TASK BRIEF: What you return should be only the lines in the entries below between the one holding "Celebrate the harvest" and the one holding "Особенно активно казахстанцы", ends included, with every picture left out.

══ MATERIAL PROVIDED ══

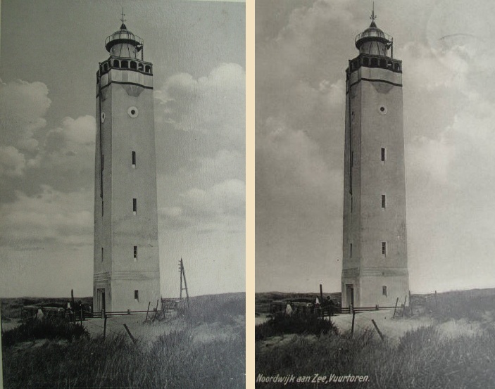 Het is dezelfde foto, maar ook hier weer van twee verschillende uitgeverijen (hoewel ik de namen van die uitgeverijen niet paraat heb). Opmerkelijk ook hier weer de verschillen: er is gemorreld aan de wolkenpartijen en de telefoonpaal die op de foto links nog fier overend staat, is op de foto rechts opeens verdwenen. Telefoonrekening niet betaald of zo (met dank aan Ronald).
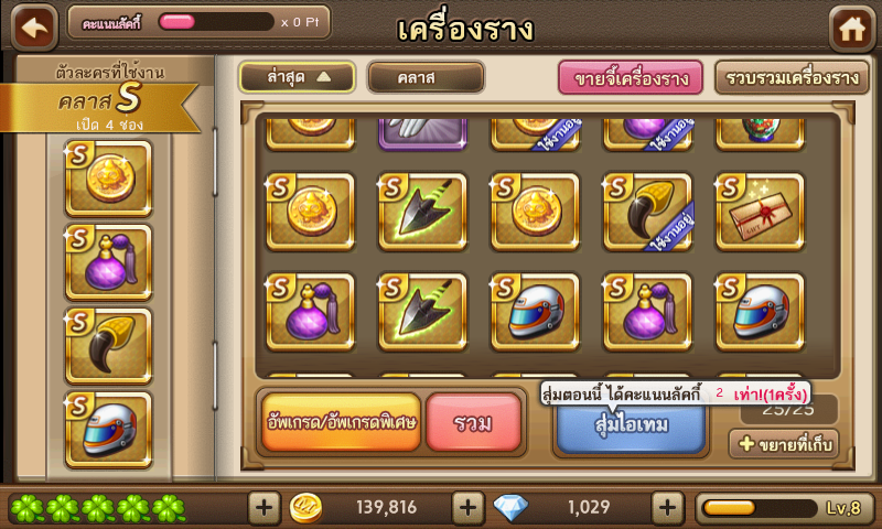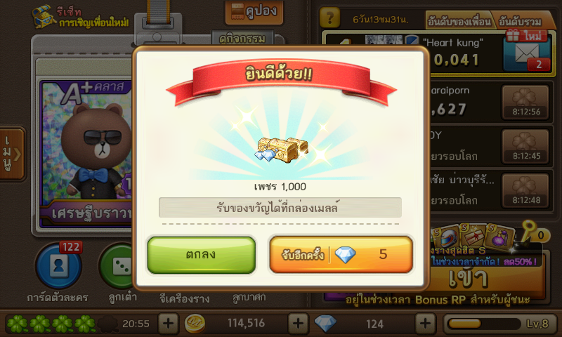 อีเว้นล่าสุด ที่กำลังจะหมดวันนี้ หมดไปเยอะมาก เพชร 2,500 เม็ด ไหนจะสติแตก เติมไปอีกร้อยกว่าบาท (ลด50%) Get Rich นี่ Rich แค่คนทำระบบ งั้นสินะ เติมแล้ว สุ่มแล้ว ไม่เห็นได้อะไรกลับมาเลย แค่นกแร้ง A+ ต
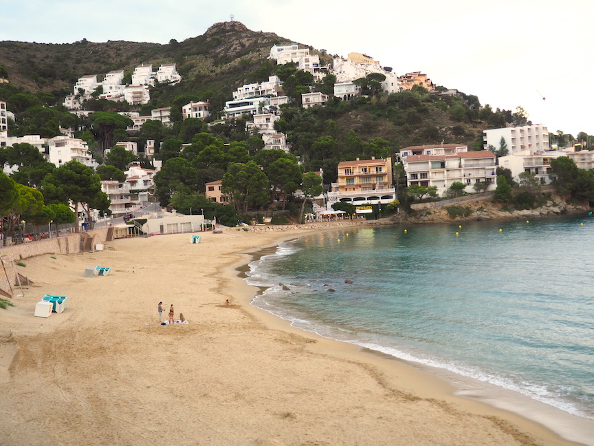 We are not stopped a customs and proceed back to Spain. We drive three hours. Though longer than I would like, the drive takes us through a bit more of the Pyrenees, which makes it tolerable. Later we hit foot hills and farm country. Eventually we arrive in the seacoast town of Roses. It is near the Salvador Dali museum in Figueres. Roses will be our base for trips to Barcelona by high speed train, as I do not want to drive into the city. Our condo is very high on a hill above the beach town. The lower hills are dotted with condo buildings mostly white and not too architecturally pleasing. But it is still a very pleasant view. We have a large patio and lookout over a lovely little bay and beach. The place is quiet, as we are off season and it may be too cold to swim. I hope we get at least one dip as the beach below us is splendid.
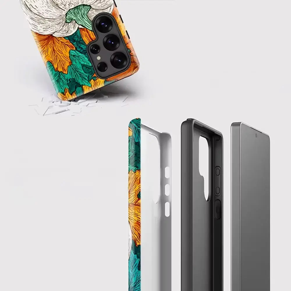 Celebrate the harvest season with this beautifully illustrated pumpkin case. The rustic, hand-drawn style showcases white and orange pumpkins nestled among autumn leaves, bringing a touch of cozy, seasonal charm to your Samsung Galaxy.
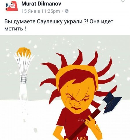 Особенно активно казахстанцы заговорили о маскотах, когда с водно-зеленого бульвара в Астане таинственно исчезла одна из фигур под названием Сауле. Позже выяснилось, что маскот забрали на реставрацию в связи с повреждениями, однако юмористов казнета было уже не остановить
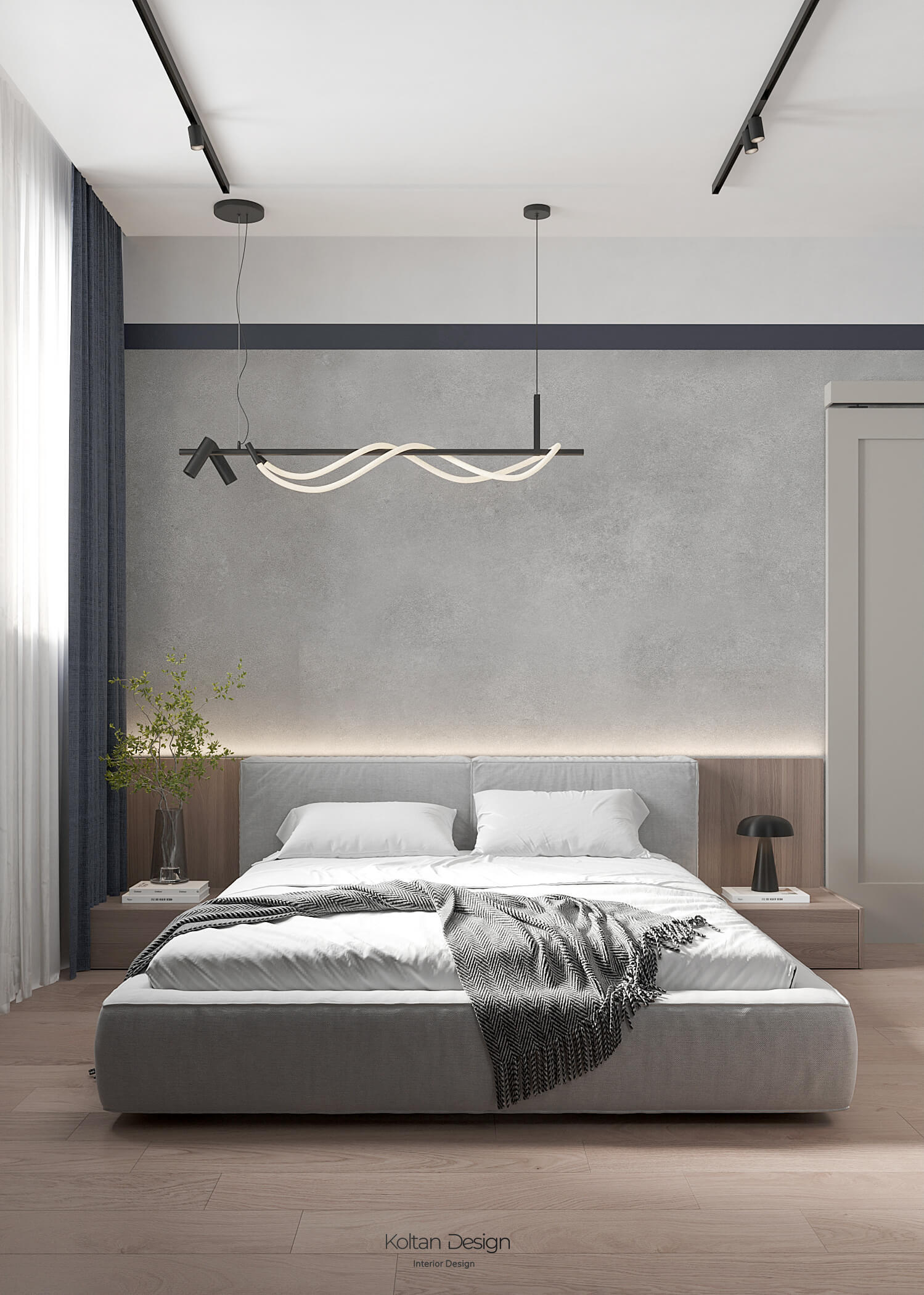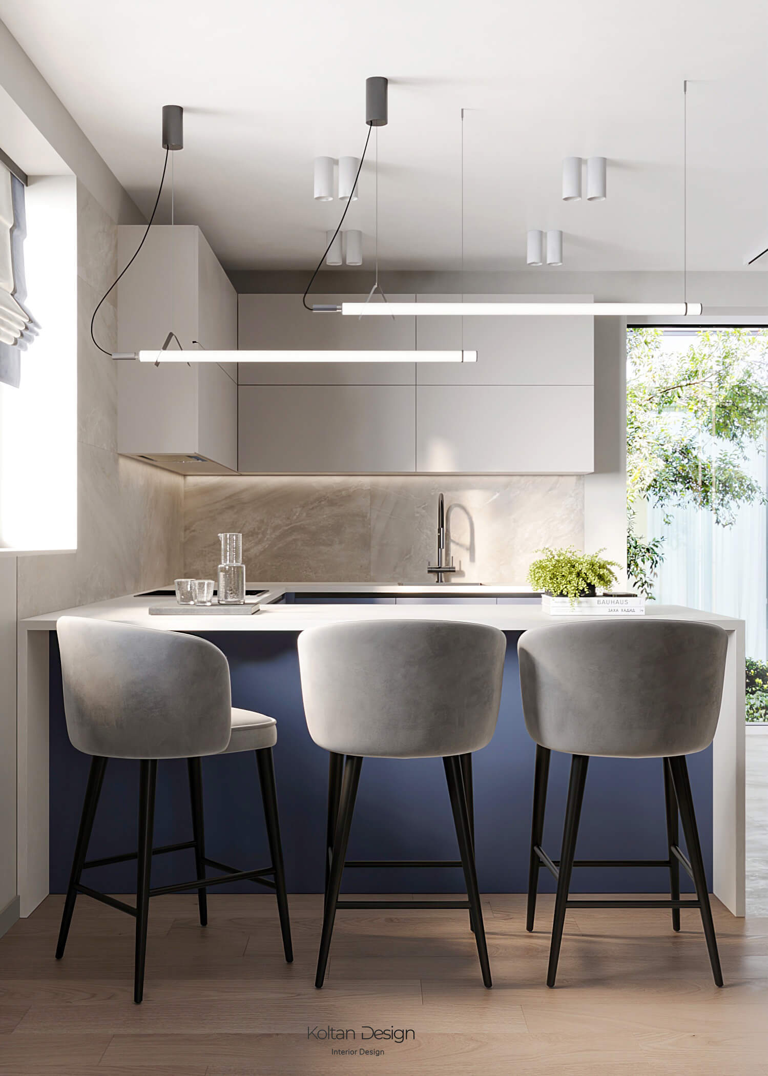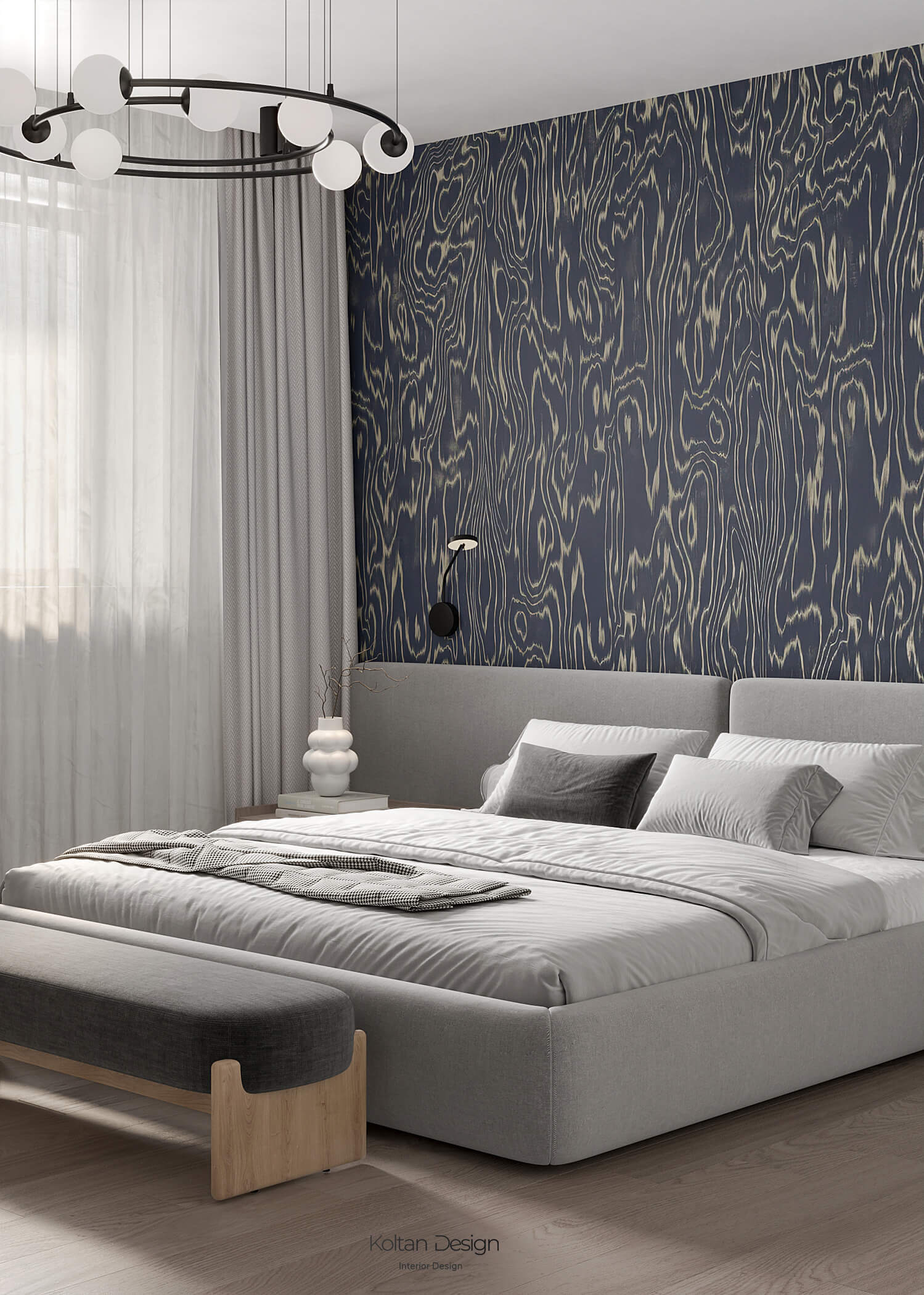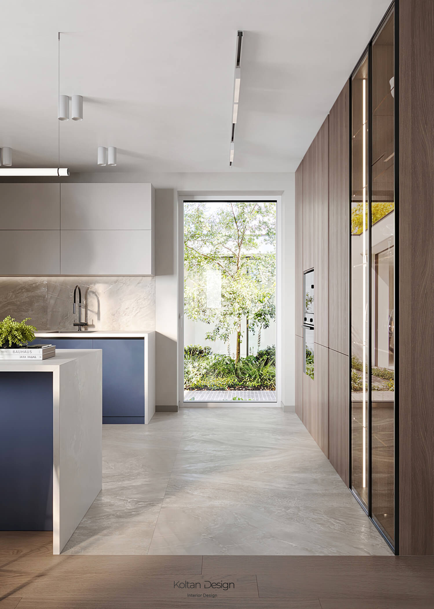 Дом был приобретён уже с готовыми перегородками, однако планировка не соответствовала потребностям семьи. В процессе работы кухня и гостиная были объединены в единое пространство, добавлен кабинет, а на втором этаже из общего объёма сформированы отдельные комнаты с гардеробными и дополнительная детская.Стилистическое решение формировалось в процессе работы: в итоге получился современный интерьер с тёмным деревом и синими акцентами. Основной акцент сделан на фактурах - декоративной штукатурке, текстиле и материалах, без перегруженного декора.

═══

REPLY TO THE EXERCISE:
 Celebrate the harvest season with this beautifully illustrated pumpkin case. The rustic, hand-drawn style showcases white and orange pumpkins nestled among autumn leaves, bringing a touch of cozy, seasonal charm to your Samsung Galaxy.
 Особенно активно казахстанцы заговорили о маскотах, когда с водно-зеленого бульвара в Астане таинственно исчезла одна из фигур под названием Сауле. Позже выяснилось, что маскот забрали на реставрацию в связи с повреждениями, однако юмористов казнета было уже не остановить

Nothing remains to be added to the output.